[RECORDED INFORMATION Boundary: Start]
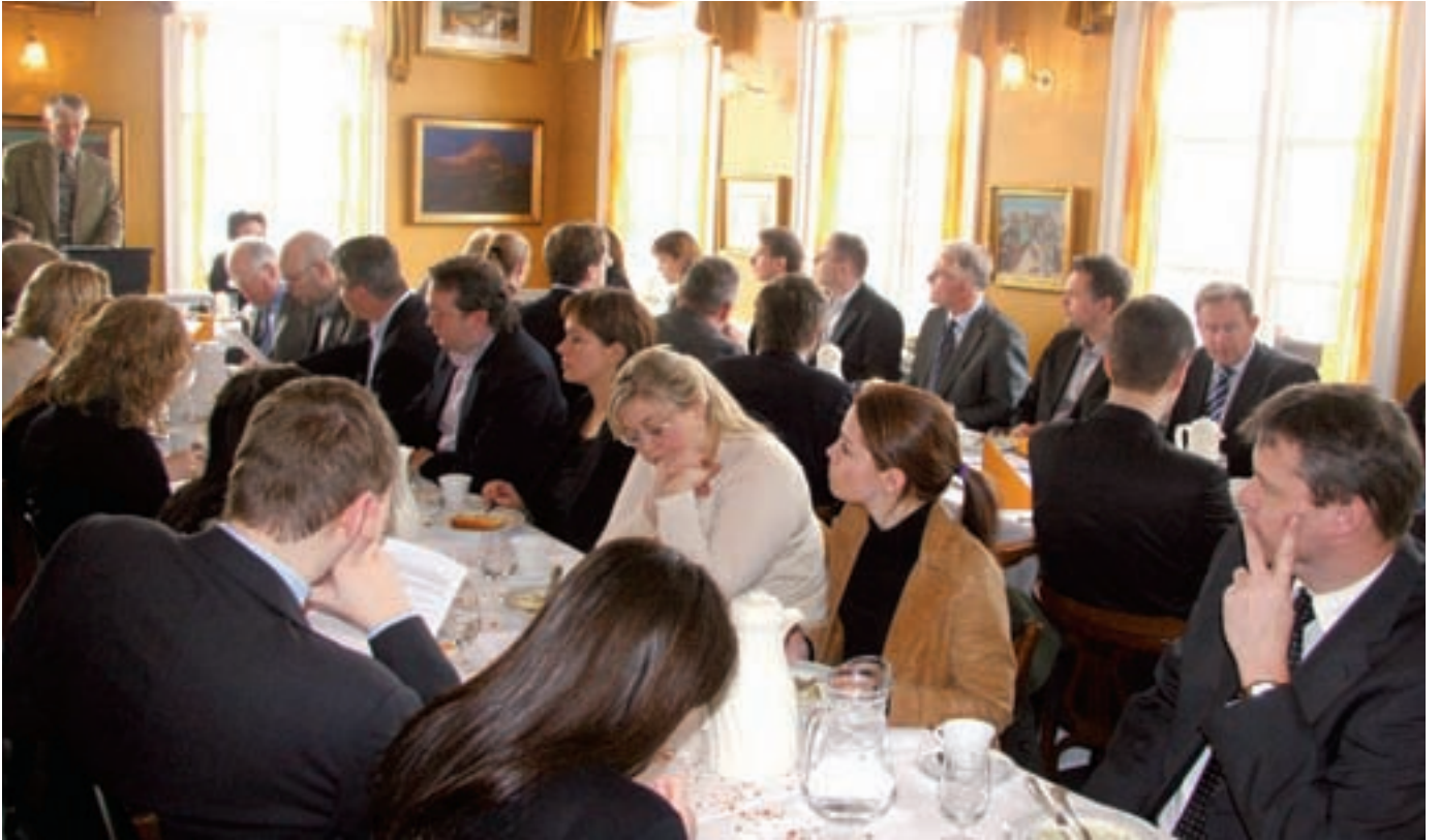
Á milli 50 og 60 manns mættu á fundinn og var húsfyllir, enda hafði efni fundarins verið "fjölmíðlamatur" skömmu fyrir fundinn.
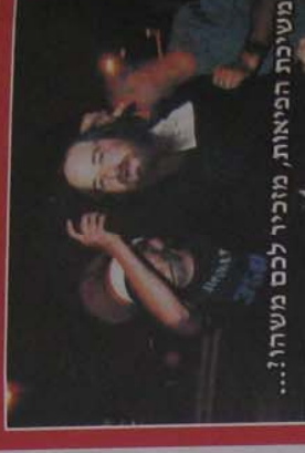
משגיכת הפלאות, מזכירי לכם משהו?...!
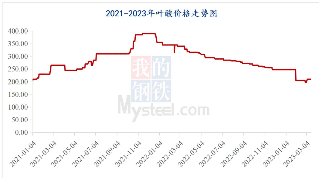
图 11 2021-2023 年叶酸价格走势走势图
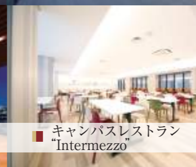
■ キャンパスレストラン 「Intermezzo」
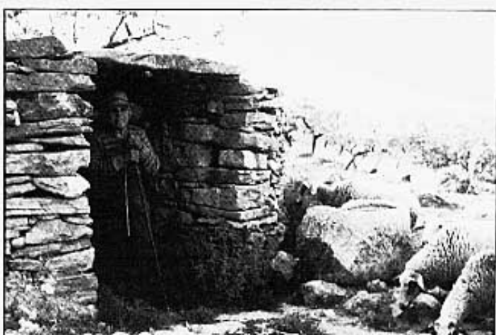
Francisca tornant de guardar.
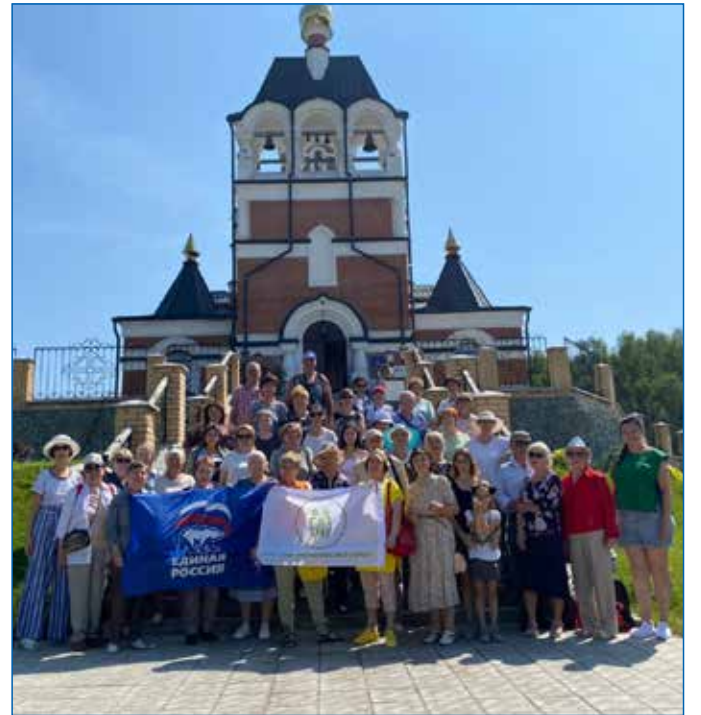
Экскурсия в п. Ложок
[RECORDED INFORMATION Boundary: End]
▶ WORK INSTRUCTION
Give back exactly the lines running from the one that contains "Francisca tornant de guardar." to the end of the records, including both of those lines and excluding every picture.

▶ RESULT
Francisca tornant de guardar.
Экскурсия в п. Ложок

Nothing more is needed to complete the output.